What you should do: Below are lines of records; copy exactly those from the one containing "2018级针灸推拿学院专升本" through the one containing "1 par dvostrukih", leaving the pictures behind.

Data section:
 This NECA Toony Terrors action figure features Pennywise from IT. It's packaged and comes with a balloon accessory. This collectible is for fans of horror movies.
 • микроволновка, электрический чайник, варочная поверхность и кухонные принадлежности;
---
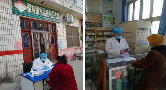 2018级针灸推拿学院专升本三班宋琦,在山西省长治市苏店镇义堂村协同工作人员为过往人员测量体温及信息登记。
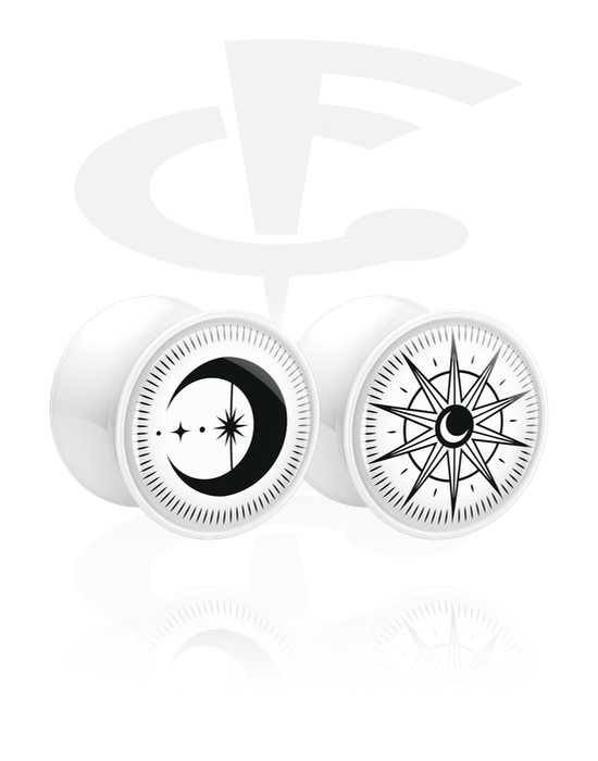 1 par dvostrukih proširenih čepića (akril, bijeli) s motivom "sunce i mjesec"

Exercise response:
 2018级针灸推拿学院专升本三班宋琦,在山西省长治市苏店镇义堂村协同工作人员为过往人员测量体温及信息登记。
 1 par dvostrukih proširenih čepića (akril, bijeli) s motivom "sunce i mjesec"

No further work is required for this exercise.